Однако рассуждение об орденах неожиданно привело парня к мысли «А где — они?»
— Брат, а мы правильно идём? — забеспокоился Данте. — Давай сверимся с картами, а то за этими нагорьями и холмами ничего не видно.
Яго усмехнулся и его строгое, будто отёсанное из камня, лицо с квадратными чертами, обрело ноту добродушия. Брат поднял руку вверх и указала на высоченное строение, сияющее золотым блеском и став ярким маяком для каждой заблудшей души, как видят строение люди этих земель.
— Вон, пирамида. Идём строго на неё и выйдем вскоре к Граду.
— Слишком огромная. Как я мог её упустить из виду? Я думал, идя по дороге, сможем ориентироваться.
— По дороге, — удивился Яго и топнул сапогом по земле, подняв клубы светло-коричневой пыли. — Где ты тут видишь дороги? Их тут сотней войн и химическим противостоянием просто сдуло.
Данте ухмыльнулся и продолжил идти. Возвышение за возвышением, холм за холмом, по малым нагорьям по протоптанной дороге они идут вперёд, в сторону Града, который удаётся увидеть изредка, когда братья оказываются на достаточных высотах, и то он представляется маленькими частями, не достаточными, чтобы выстроить образ столицы Теократии. Но больше всего взгляд Данте приковывает не мимолётные виды Града, а вид дороги, по которой они топают. Асфальт тут если и попадается, то в виде редких кусков пыльного камня, валяющегося где-то у краёв дороги. Выгоревшие и разрушенные автомобили, ставшие грудами мусора, растаскиваемые бедняками и мусорщиками, но люди часто пытаются преодолеть дроги на машинах,… некоторые глохнут, другие подвергаются атаке мародёров, а третьи «случайно» загораются от рук самих ездоков, которые решились обобрать и покончить с пассажирами, друзьями или вообще семьёй, а поэтому поток металлолома на тысячах путях Иберийского Полуострова не уменьшается. Парни идут возле самых настоящих призраков, которые отвратительным видом показывают, до чего докатился разделённый народ на этих землях, впав в дикарство и безумие, и ступая мимо обгоревшего металла, у Данте копится скорбь на душе, ибо во всём этом он видит прошлое своей родины — юга бывшей Италии. Дорога, помимо машин, усеяна мелким, но не незначительным, мусором — выцветшие детские игрушки. Парень, бегая взглядом по тому, что под ногами, понимает, что игрушками когда-то играли дети, а если они тут, то сами их владельцы похоронены где-то у дороги или ещё хуже — на рынках Южного Халифата ценятся молодые рабы, а остальные страны, алчущие дешёвой рабочей илы и развлечений только и рады покупать невольников. Вещи быта, почерневшие и россыпью, лежащие на пыли говорят о том, какое множество простых людей — мужчин и девушек, взрослых и детей, тут сгинуло — их либо убили, скинув на края печальной стези или продав за несколько песо в лапы работорговцам или богатым извращенцам.

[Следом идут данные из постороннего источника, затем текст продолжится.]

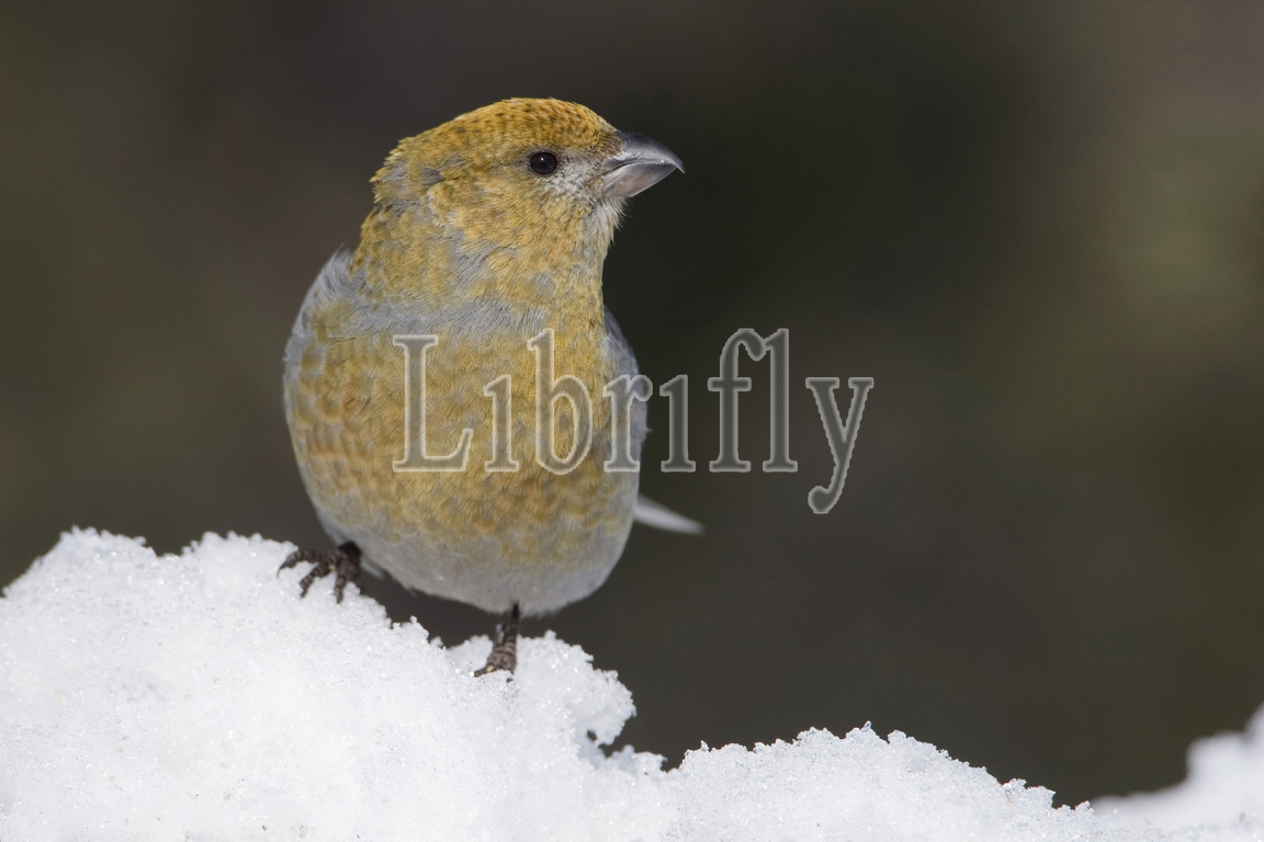Perched, Female, Pine Grosbeak, snow, Pinicola enucleator, Finland, nature, bird, animal, wildlife, wild, fauna, natural, feather, sky, beak, wing, outdoor, freedom, colourful, Liszt, Natural History, ornithology, vertebrate animals, photography, color image

Гнетущая атмосфера дороги, ставшей последним путем для тысяч людей, не даёт Данте покой. «Столько смертей и ради чего?» — спрашивает себя парень. Свобода и независимость новых стран вылилась в долгую войну, наплодившую армии мародёров и бандитов, живущих только для себя, убивающих и грабящих, насилующих и ворующих. А национальные армии настолько ослабели, обнищали и оскотинились, что могут удерживать только область столиц, а остальные земли, если повезёт, контролирует наёмники, или никто. Оттого дороги и становятся не путями живых, но стезями мертвецов, воющими слабыми голосами проклинающие роковые ошибки прошлого.
— Тише, — заговорил Яго, развеяв мысли брата. — Слышишь?
— Нет, — стал оборачиваться по сторонам Данте. — А хотя… вон там.
Парни увидели, как средь груд металлолома, покачиваясь, волочит ноги странный силуэт. Бормоча под нос, цепляясь за каждую помятую крышу, человек медленно продвигается вперёд. В рваной майке и джинсах, поджарый смуглый светловолосый парень, потирая впавшие щёки, сонным взглядом карих глаз, пытается сфокусироваться на тех, кто идёт к нему.
— Он что?! — приложил ладонь к пистолету на поясе, вопрошает парень.
— Да, Данте, пьяный в мясо.
Два парня подошли к мужчине, который рухнул у борта машины, облокотившись на неё, приложившись головой об ржавую дверь.
— Ты кто? — на «общеиберийском» с вопросом наклонился, отмахиваясь от жуткого перегара, Дане. — Откуда путь держишь?
— Я г-ул-г-яю по до-р-рогам солн-нчных степей, — пьяным бормотанием ответил мужчина.
— Брат, ты же видишь, что он не вменяем, — почти рассердился Яго.